EXERCISE DATA:
Content starts

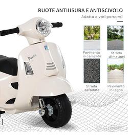 Moto Elettrica per Bambini Vespa Batteria 6V, Fari e Clacson, per Bimbi da 18-36 mesi, Bianco, 66.5x38x52cm Vendo per inutilizzo ed utilizzato 3 volte
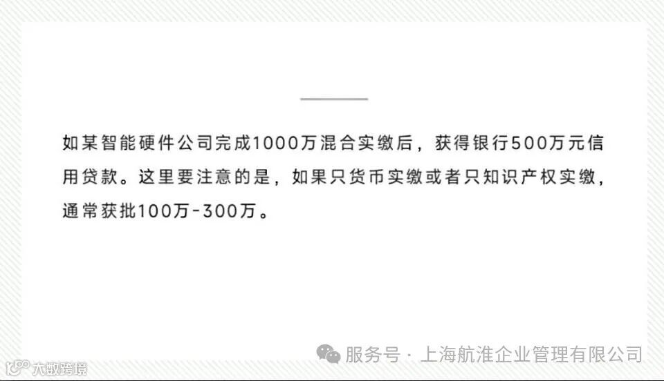 其次,货币实缴还可以增强银行信贷信用,同时知识产权实缴提升企业估值。
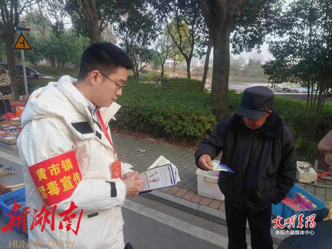 耒阳融媒1月14日讯(记者 匡经强 通讯员 陆元堃) “赶集日学禁毒知识,守好全家平安路!”1月14日,黄市镇借助赶集日人流密集的有利契机,在大河滩集市开展集中禁毒宣传活动,以通俗化讲解、互动式体验、生活化传播,为群众送上“禁毒防护指南”。
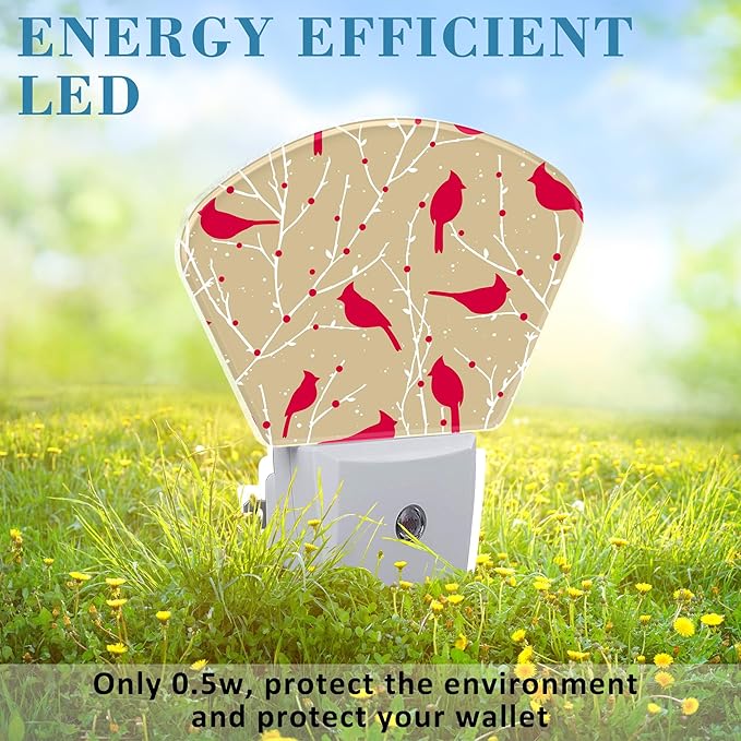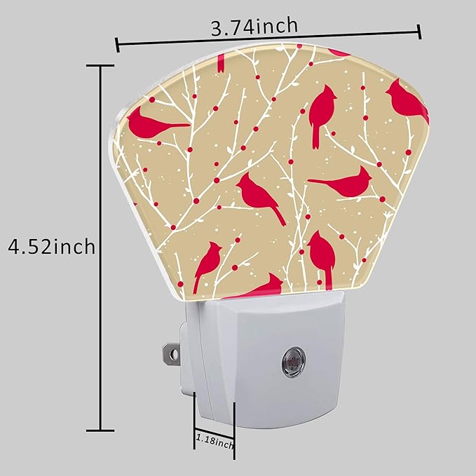 - [Night Light Socket Design]: This Christmas Red Cardinal Bird LED night light can be directly plugged into the wall socket, which is convenient and practical. Its compact design doesn't take up much space and can easily provide soft lighting for your kids, baby room, stairs and more.
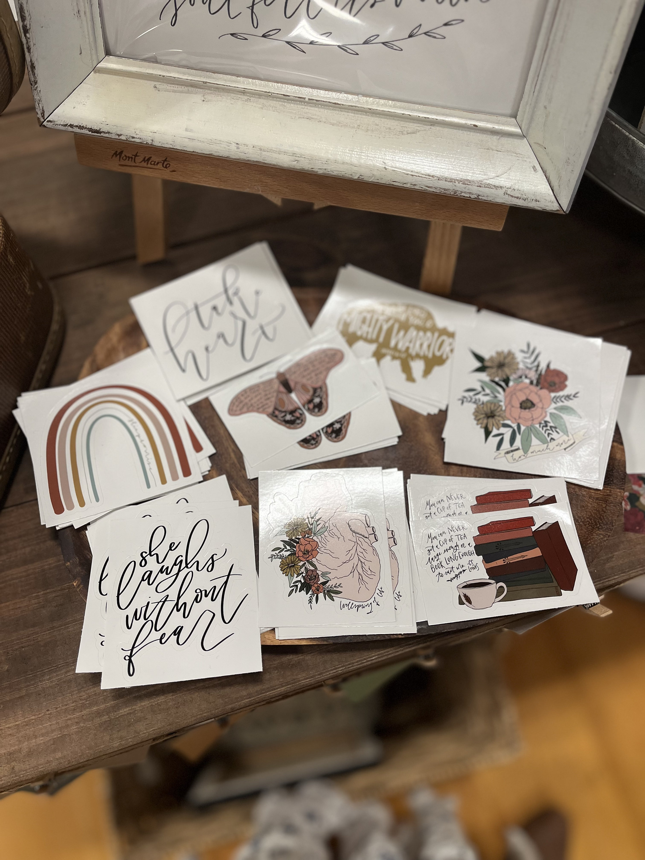 Each of these stickers is a 3x3 kiss cut white sticker with a hand drawn, hand lettered design.
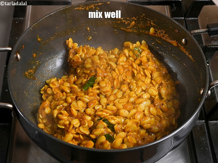 - Mix well and cook on a medium flame for 2 to 3 minutes, until the raw smell of vaal goes off.
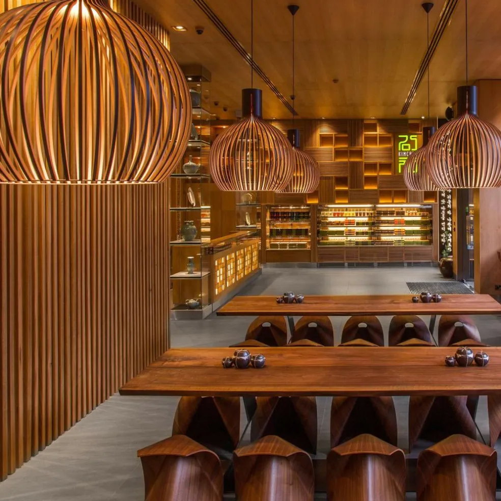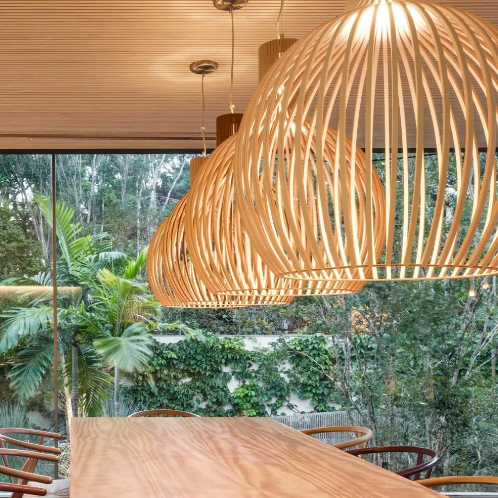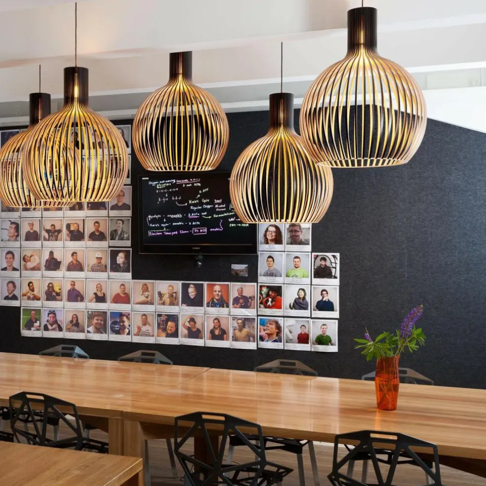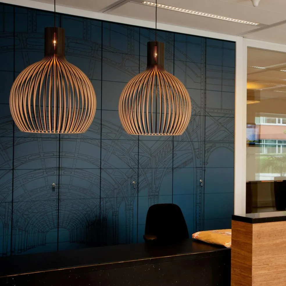 Einzig erfahrene, finnische Fachleute werden mit der anspruchsvollen Herstellung der Octo 4240 Pendelleuchte beauftragt. Durch die Biegung des Schichtholzes und die geschickte Konstruktion der Lampe kann jegliches Blenden durch das Licht vermieden werden.
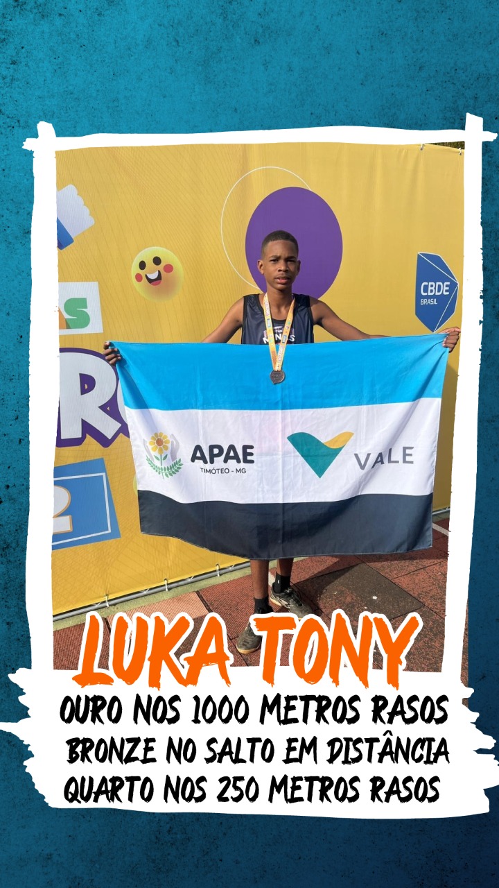 Todos os atletas da Apae de Timóteo subiram ao pódio. Luka Tony Gregório, foi ouro nos 1.000 metros rasos, bronze no salto em distância e ficou em quarto lugar nos 250 metros rasos. Débora Batista da Silva, ganhou medalha de ouro no salto em distância e bronze nos 150 metros rasos. Isabela Estefani, ouro nos 150 metros rasos e bronze no salto em distância. Charles dos Santos, recebu medalha de ouro no salto em distância. Pedro Henrique Gomes, prata no arremesso de peso e bronze no salto em distância. E Samuel Henrique, que ganhou medalha de prata no arremesso de peso. Além dos seis campeões, a Apae de Timóteo contou com dois representantes na comissão técnica da seleção: os técnicos Sildemar Venâncio e Bruno Flávio Moura.
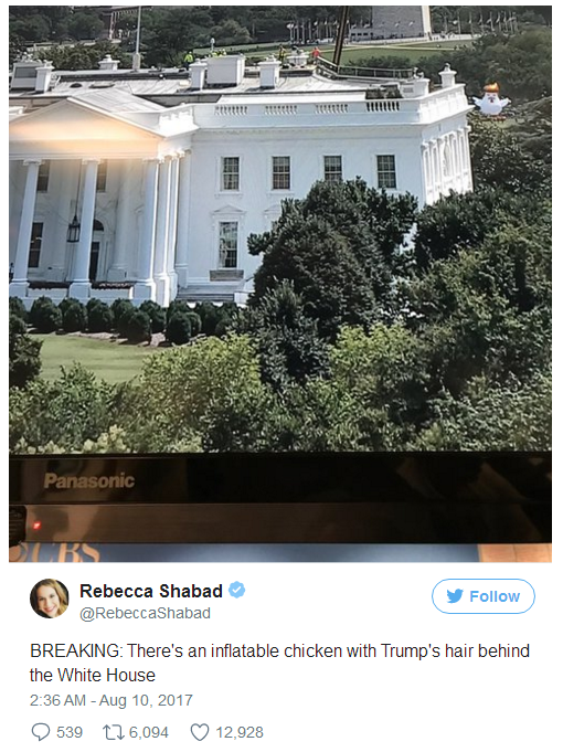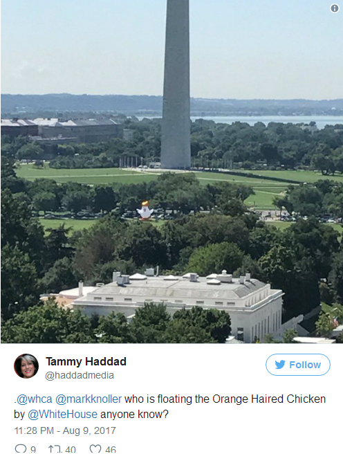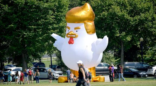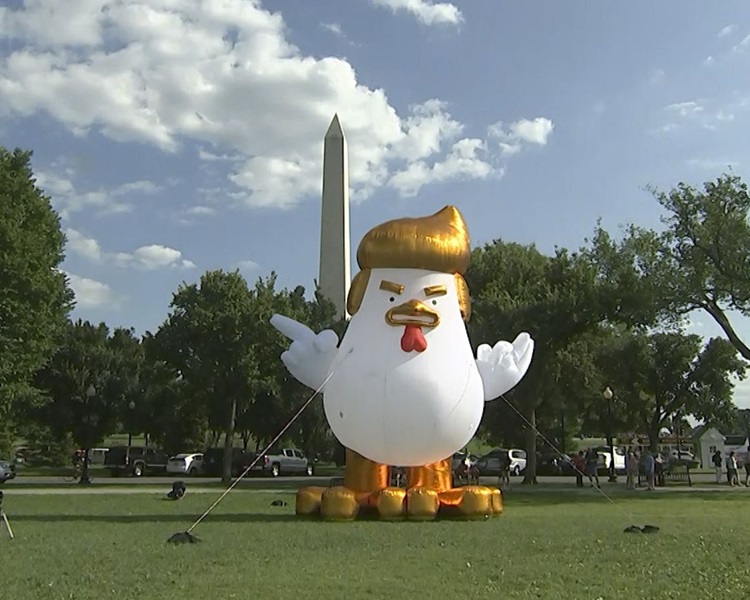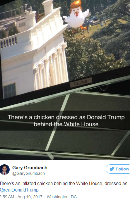 這個充氣公仔在美國被稱為「唐老雞」(Chicken Don),被用來諷刺美國總統特朗普的軟弱無能。巨型「唐老雞」面對白宮大樓,露出生氣的樣子,很明顯特朗普身在白宮的話,也可以清楚的看到它的身影。
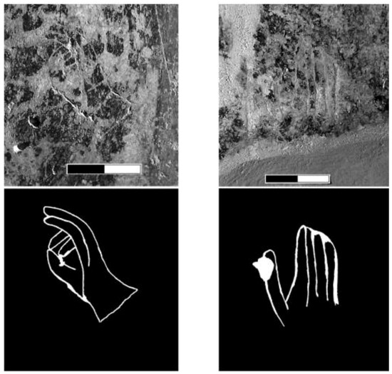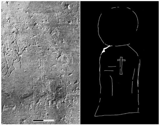 In Ukrainian academia, scholars have taken a more granular approach to classifying these objects, often emphasizing the motivation for their creation or categorizing them based on their form, content, or function. As mentioned earlier, Vasilyev sought to organize these objects by their underlying motivation, offering a broader conceptual framework for understanding the purpose behind their creation [27]. Vysotsky’s classification reflects an early attempt to distinguish between religious or symbolic imagery and everyday artistic expression [12]. Korniyenko further advanced this categorization of “мaлюнки-гpaфiтi” (drawings—graffiti) and organizing them into detailed subcategories based on form and content, (a) Xpecти, мoнoгpaми тa тeoнiмoгpaми (Crosses, Monograms, and Theonymograms) (Figure 6); (b) Зoбpaжeння aнгeлiв тa cвятиx (Images of Angels and Saints) (Figure 7); (c) Cимвoли, пoв’язaнi з чacтинaми людcькoгo тiлa (Symbols Related to Human Body Parts) (Figure 8); (d) Πpeдмeти peлiгiйнoгo вжиткy тa apтeфaкти (Religious Objects and Artifacts); (e) Cимвoли, пoв’язaнi з зeмлeю тa нeбoм (Symbols Related to Earth and Sky); (f) Aнтpoпoмopфнi зoбpaжeння (Anthropomorphic Images); (g) Зooмopфнi зoбpaжeння (Zoomorphic Images) (Figure 9); (h) Ixтioмopфнi зoбpaжeння (Ichthyomorphic Images); (i) Opнiтoмopфнi зoбpaжeння (Ornithomorphic Images); (j) Cюжeтнi зoбpaжeння (Narrative Images); and (k) Eмблeми (Emblems) [19].

Content ends

WHAT IS BEING ASKED:
Working from the data above, repeat exactly, and only, the lines that begin at the line containing "Each of these" and stop after the line containing "- Mix well and"; pictures are not copied.

TASK ANSWER:
 Each of these stickers is a 3x3 kiss cut white sticker with a hand drawn, hand lettered design.
 - Mix well and cook on a medium flame for 2 to 3 minutes, until the raw smell of vaal goes off.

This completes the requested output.